Wednesday, September 5, 2018

Open Canon: IWSG September 2018



It's IWSG Day. The goal of this blog hop is to share and encourage. Writers can express doubts and concerns without fear of appearing foolish or weak. Those who have been through the fire can offer assistance and guidance. It’s a safe haven for insecure writers of all kinds. IWSG is the brainchild of Alex Cavanaugh, our brilliant ninja leader. Co-Hosts this month: Toi Thomas, T. Powell Coltrin, M.J. Fifield, and Tara Tyler.  To read posts from other members, click here.


Writers learn to write by writing. We also learn to write by reading which has never been a problem for me. Libraries and bookstores are among my favorite places, as well as the corner of the couch where I plunk myself down to start a new book. I’ve never belonged to a physical book group, but after learning the objectives for the Open Canon Book Club, I joined. Open Canon is an online group moderated by PhD professor Wiley Cash, author of A Land More Kind than Home, This Dark Road to Mercy, and The Last Ballad. 

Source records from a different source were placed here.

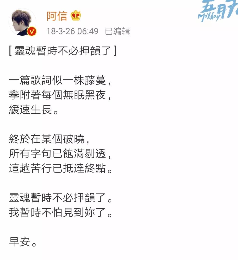 后来,阿信就发了一条《灵魂暂时不必押韵了》的短文。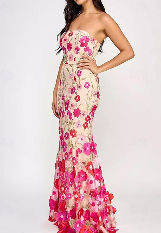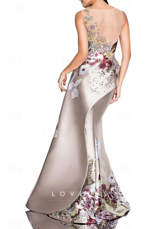 Scoop Sleeveles Floral Printed Mermaid Mother of Bride Dress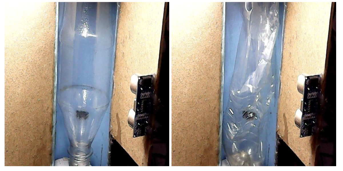 "Condensation or water droplets are present inside the upper part of the plastic bottle."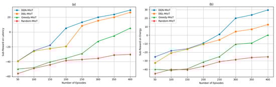 In Figure 4a, initially, all methods exhibit negative sub-rewards, indicating poor latency performance due to random or sub-optimal policy actions during early learning phases. However, by episode 200, the DQN-MIoT approach begins to yield positive sub-reward values, signaling a successful adaptation to the MEC workload dynamics in IoT scenarios. As learning continues, DQN-MIoT and DQL-MIoT demonstrate robust convergence behavior, with DQN-MIoT consistently achieving higher sub-reward values than DQL-MIoT. By episode 400, DQN-MIoT achieves a latency sub-reward of 29.57, compared to 26.51 for DQL-MIoT, only 5.17 for Greedy-MIoT, and −30.31 for random-MIoT. This substantial gap underscores the benefits of employing a value-based Q-value with optimized exploration strategies for latency-sensitive SFC placement. Figure 4b illustrates the efficiency of energy score points as DQN-MIoT’s training process transitions the agent into a more stable policy regime, resulting in a higher immediate reward score. DQN-MIoT demonstrated a steady improvement, eventually peaking as the training progressed due to its adaptive learning strategy, which optimized energy consumption under network constraints. In contrast, DQL-MIoT showed more gradual progress, reflecting its slower convergence in handling energy efficiency within the MEC-enabled IoT environment. The Greedy-MIoT and Random-MIoT consistently underperformed with negative energy sub-rewards throughout most episodes, as they lacked adaptive mechanisms to manage resource allocation effectively. From the reward efficiency perspective, the proposed DQN-MIoT scheme dynamically adjusts resource allocation and offloading decisions, effectively balancing computational capacity and energy constraints. This adaptability enables improved handling of resource-constrained and computation-intensive tasks within the network, demonstrating strong suitability for MEC-enabled IoT scenarios where energy efficiency and task completion are crucial.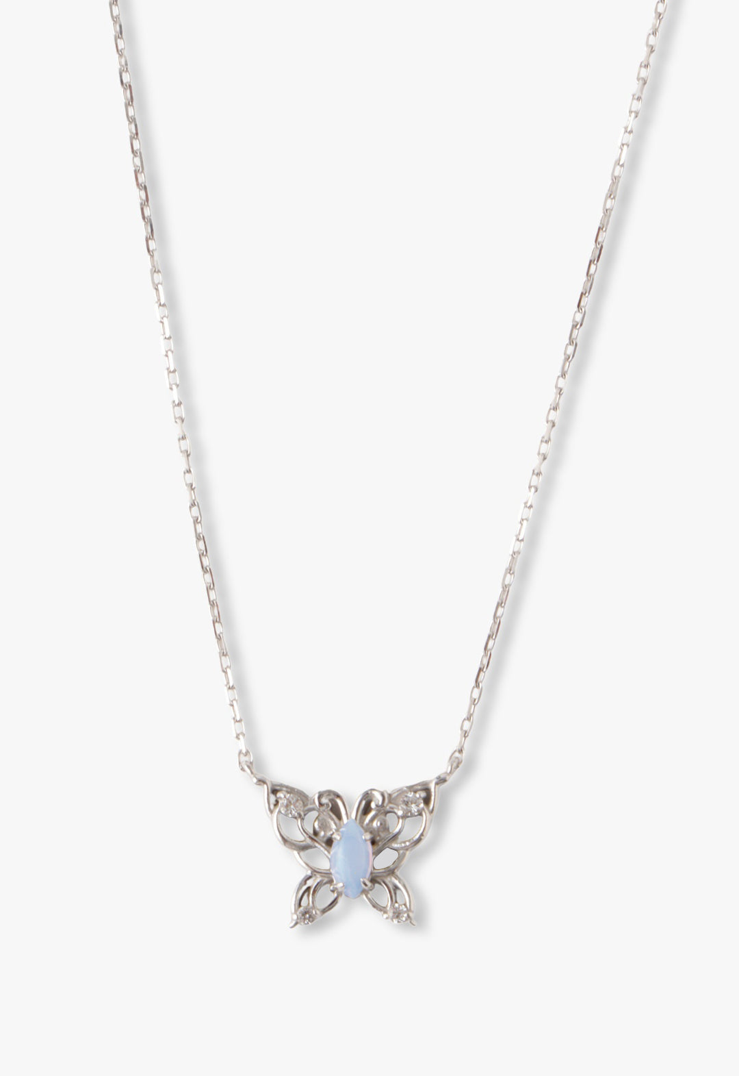 This delicate piece features a stunning silver butterfly adorned with shimmering opal and white topaz gemstone. The gentle curve of the butterfly's wings and the soft glow of the gemstones create a truly magical accessory. This dainty necklace is perfect for layering or wearing on its own, making it an ideal choice for both everyday wear and special occasions.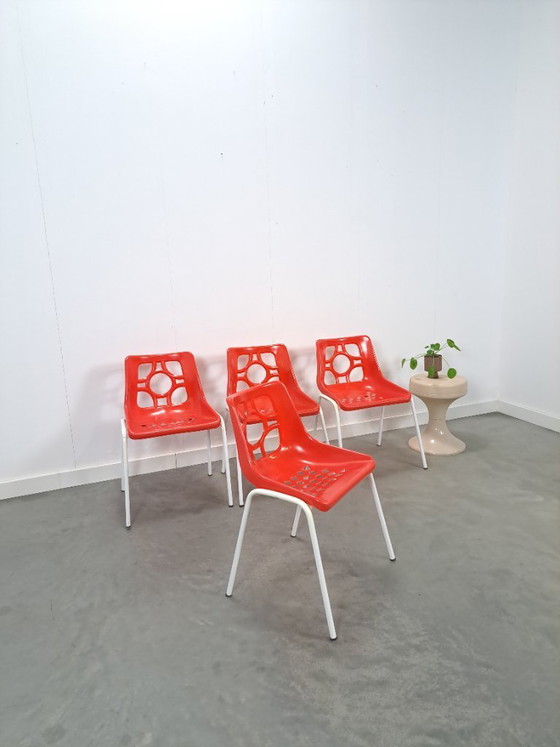 Vintage rode kunststoffen stoelen uit de jaren 70. De kuipstoelen komen uit de DDR tijd in Oost Duitsland. De stoelen hebben een wit metalen onderstel en rode kunststoffen zittingen. De vier stoelen zijn leuk te gebruiken als eetkamerstoelen of als tuinstoelen.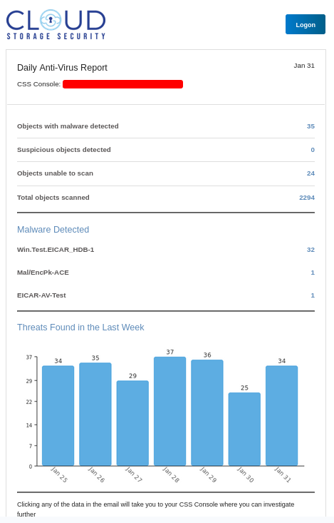 For customers who want a daily summary of Anti-Virus scanning sent to their inboxes, we offer the ability to send daily email reports detailing recently found threats. We show a brief report including types of problem files found, malware detected, and threats found in the last week.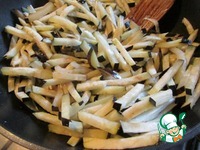 В воке или глубокой сковороде, можно в казане разогреть на среднем огне растительное масло. Обжарить нарезанные брусочками баклажаны до золотистого цвета. |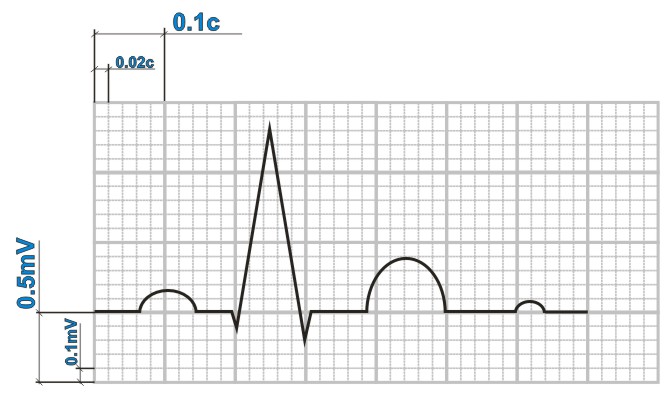 оценка проводимости. Для правильного учета проводимостиучитывают скорость записи. Для оценки проводимости измеряют: длительность зубца P (отражает скорость проведения импульса по предсердиям), в норме до 0.1 c. длительность интервала P - Q (отражает скорость проведения импульса от предсердий до миокарда желудочков); интервал P - Q =(зубец P) + (сегмент P - Q).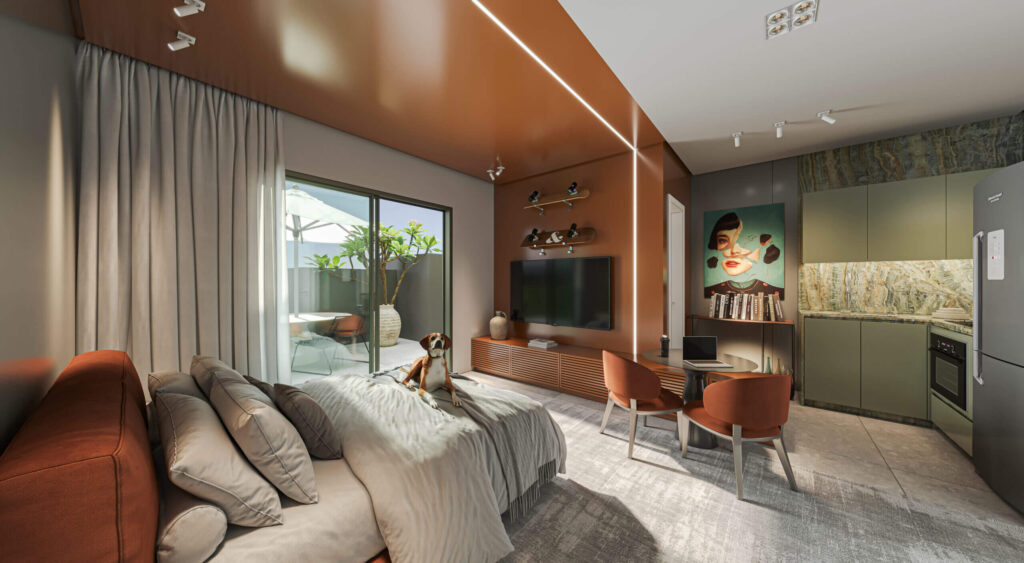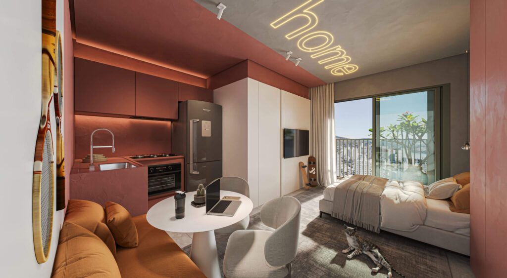 Ele consiste em estúdios compactos e projetados de acordo com as necessidades e demandas atuais do bairro.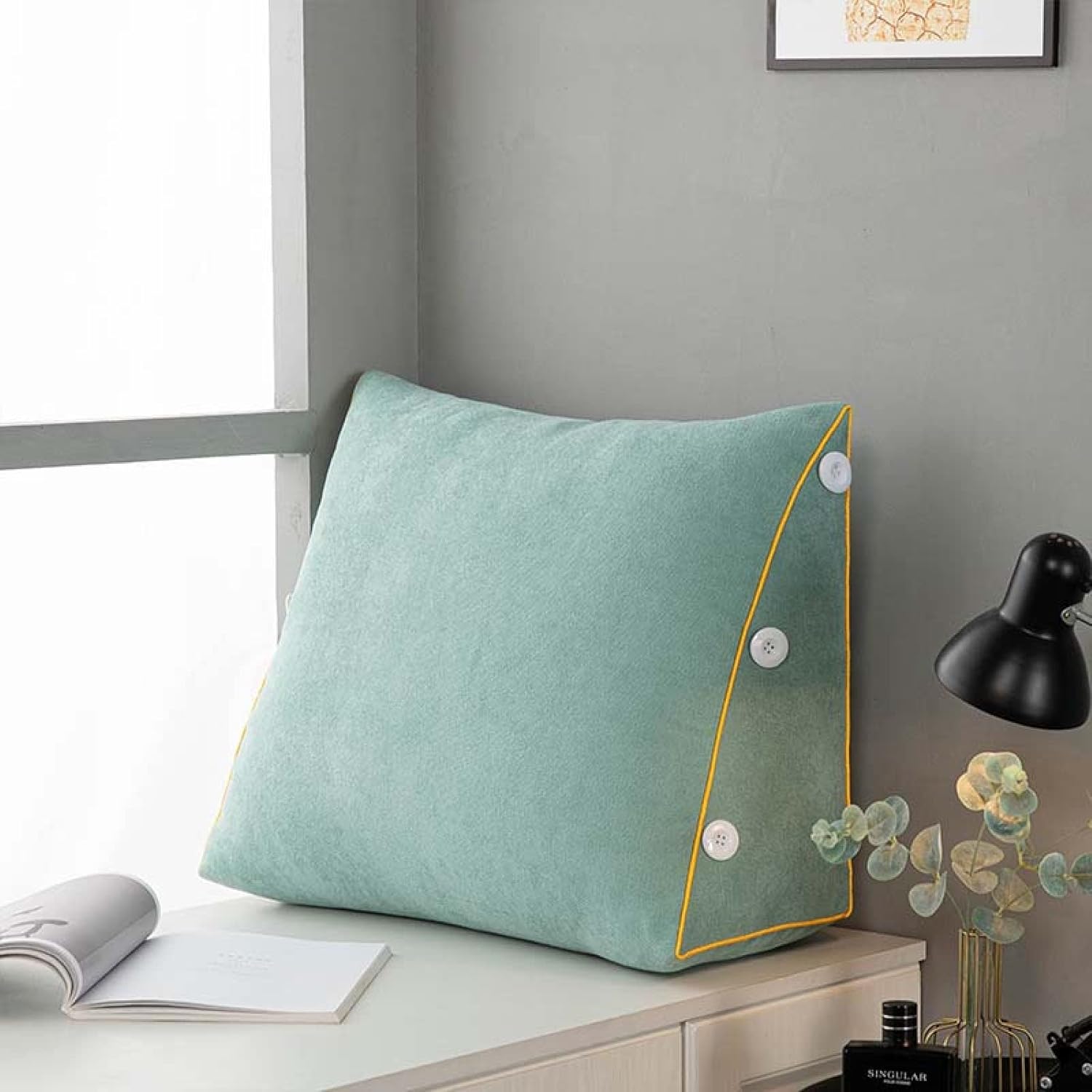 三角形 読書用クッション 大型クッション カラー ヘッドボードの背もたれ 姿勢サポート ウェッジ枕 ソファベッド 取り外し可能なカバー付き おしゃれ かわいい 北欧 コンパクト ふわふわ 150*12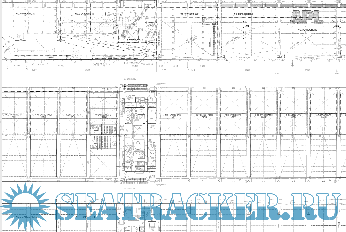 Description: General arrangement plan of very large container ship APL Russia (MOL Comfort) (C series of MOL), 8110 TEU.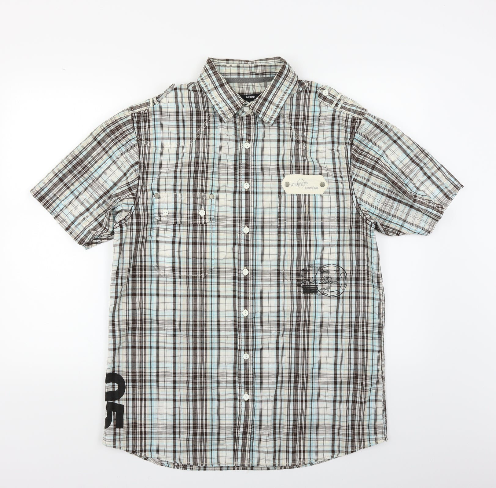 George Mens Blue Plaid Button-Up Size M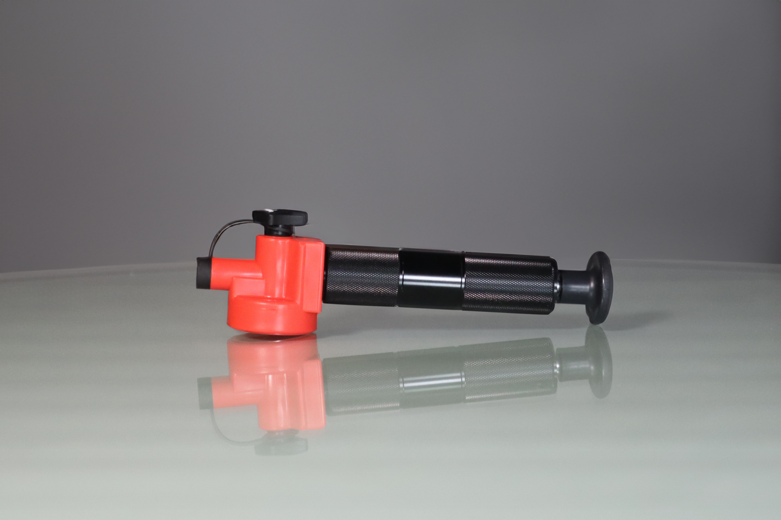 Pump with 38-400 mm threading for use with our standard sample jars. Accepts 3/16″, 1/4″, and 5/16″ tubing. Takes samples from pressurized and non-pressurized components. Adapter colored red and typically used for lubricants.
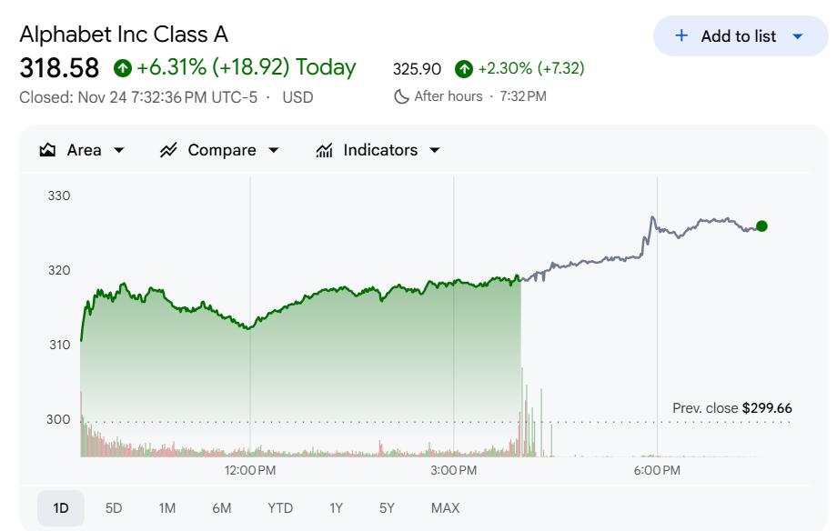 今日,Alphabet(GOOGL)股价再度上演“加速跑”行情,盘中涨幅一度超过 6%,盘后报价继续上扬,强劲站上 320美元上方。目前公司的总市值正强力剑指4万亿美元大关。

We live in a time when appealing to and listening to the diversity of America's voices are more important than ever. The goal of the Open Canon Book Club is to introduce readers to voices and portrayals of the American experience they may not have otherwise encountered in their day-to-day lives, their education, or their book club meetings. Literary diversity plays a vital role in making us understood to one another, and this hope of understanding is the hinge upon which our democracy swings.

Regardless of our beliefs, most of us will agree we’re becoming more divided as a country. It has become acceptable for online communications with those with whom we disagree to become hostile. This, I think, has led to a general disrespect in how we treat folks in person. In the virtual world, interactions are layered with accusation and discord. We’ve lost our manners simply because the means to disagree in a public way is easy, immediate, and if we choose, anonymous. And once we act poorly online, doesn't it become easier to do so in person? Who cares if we talk on the phone rather than addressing the clerk while checking out at the grocery store? What's the big deal if we endanger others by texting while driving? Does it matter that we walk down city streets so immersed in our smart phones we miss the woman stumbling off the curb, the homeless veteran seeking spare change, or the lost stranger in need of directions?

Similar to IWSG, which focuses on kindness, caring and empathy, Open Canon proposes to use technology to promote a shared humanity. And in joining, there's an added benefit. Author Cash offers discussion points and companion readings for each month's selection as well as his own reflections on the writing in a section he calls Reading like a Writer: A Note from Wiley. So there you have it, a free learning venue composed of diverse perspectives, combined with educational observations on writing. What's not to like?

The online discussion of the first book, The Birds of Opulence by Crystal Wilkinson takes place on September 26.